As the heat finally reached Texas, after scorching the east coast in July, demand records fell in ERCOT and prices realised at the ISO-set cap for more than an hour, helping pull spot prices up to double what forwards had been for August 2019 earlier in the spring. With no significant volatility last August, and one of the coolest springs on record in Texas, the market had clearly settled into complacency, setting up for the rebound in prices since the start of this month. There may not be blood on the streets of Houston yet, but there is a nagging question over who, if anyone, was harmed by the high real-time prices and resulting surge in 2020 and 2021 forwards.
As expected, after a modest rebound in forwards through mid-July, there has been little movement in forward prices in the eastern markets, which are now largely in line with our view for summers, and overvalued in New England and PJM in winter. Anticipation over the upcoming changes to fast-start dispatch rules in PJM as well as memories of gas price spikes during prior years’ cold snaps could be underpinning forward winter values. The fast-start rules could be approved and implemented for a January start assuming the ISO meets its upcoming deadline and FERC approves the rules swiftly. FERC though, which starts September with only three commissioners filling five available seats, has other key market reforms in front of it as well, including those surrounding the delayed PJM capacity auction, which could delay or muddle anticipated energy price decisions.
Market prices in PJM and the Northeast, however, continue to limp along at levels representative of a very efficient, unconstrained gas-driven market, at least in summer.
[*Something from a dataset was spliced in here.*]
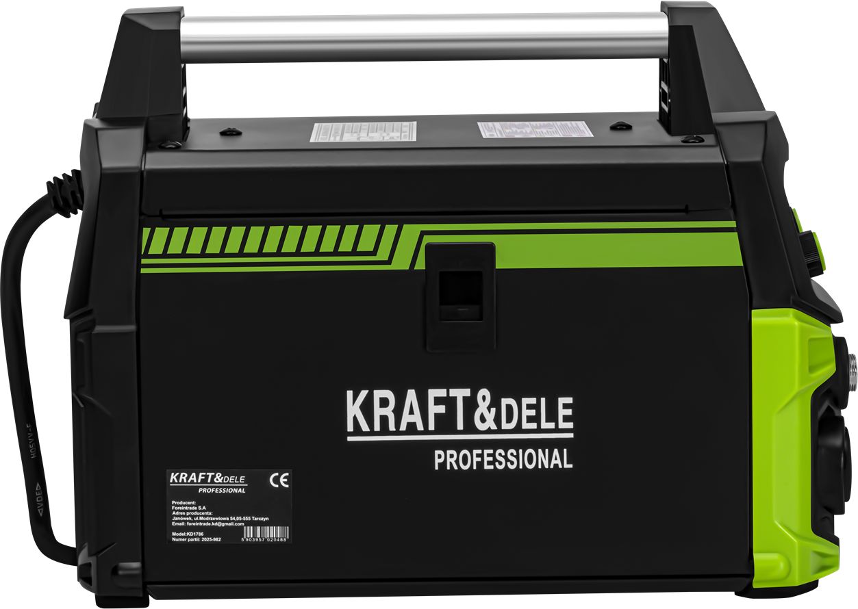 KD1786 je moderná invertorová zváračka od spoločnosti KRAFT&DELE, určená pre širokú škálu aplikácií – od dielenských a servisných prác až po prácu v teréne a opravy v interiéri. Zariadenie kombinuje kompaktný dizajn s vysokým výkonom a ponúka stabilnú a presnú prevádzku vo viacerých režimoch zvárania.
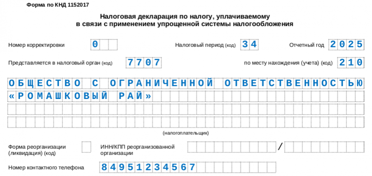 Теперь рассмотрим заполнение декларации на основе данных нашего примера. Наши простые рекомендации помогут вам заполнить декларацию УСН 6 %.

And demand levels outside of peak cooling load in the Mid-Atlantic region have been anaemic, posing further risk for forward prices. PJM itself lowered again, at least preliminarily, its forecast for demand through the mid-2020s, by an average of 1.3 GW. Structural load declines are not new in PJM, or the surrounding markets, and summers are clearly not pricing in any significant growth and resulting peak spikes, unlike in Texas.
The economic backdrop to this includes concerns about the impact of the trade war on growth, which would further limit any gains in electricity usage, especially in coastal and southern states heavily involved in exports. But regional industrial activity, after slowing last spring, has at least stabilised based on New York and Philadelphia Federal Reserve manufacturing surveys (Fig 30).